The Practice of Respect in the ICU
Although “respect” and “dignity” are intuitive concepts, little formal work has addressed their systematic application in the ICU setting. After convening a multidisciplinary group of relevant experts, we undertook a review of relevant literature and collaborative discussions focused on the practice of respect in the ICU. We report the output of this process, including a summary of current knowledge, a conceptual framework, and a research program for understanding and improving the practice of respect and dignity in the ICU. We separate our report into findings and proposals.
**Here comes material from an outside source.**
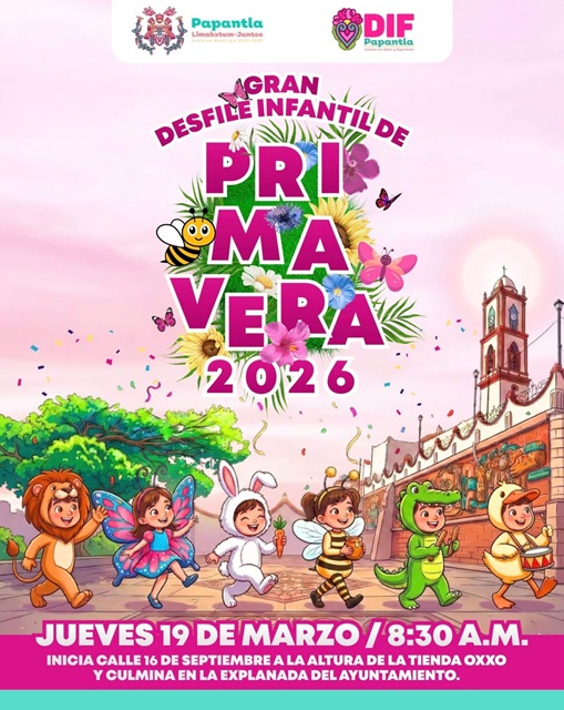 Con el objetivo de celebrar la llegada de la estación más colorida del año y fomentar la convivencia familiar, el Sistema DIF Papantla hace una cordial invitación a toda la ciudadanía a presenciar y llenar de aplausos el Gran Desfile Infantil de Primavera.

Findings include the following: 1) dignity and respect are interrelated; 2) ICU patients and families are vulnerable to disrespect; 3) violations of respect and dignity appear to be common in the ICU and overlap substantially with dehumanization; 4) disrespect may be associated with both primary and secondary harms; and 5) systemic barriers complicate understanding and the reliable practice of respect in the ICU. Proposals include: 1) initiating and/or expanding a field of research on the practice of respect in the ICU; 2) treating “failures of respect” as analogous to patient safety events and using existing quality and safety mechanisms for improvement; and 3) identifying both benefits and potential unintended consequences of efforts to improve the practice of respect. Respect and dignity are important considerations in the ICU, even as substantial additional research remains to be done.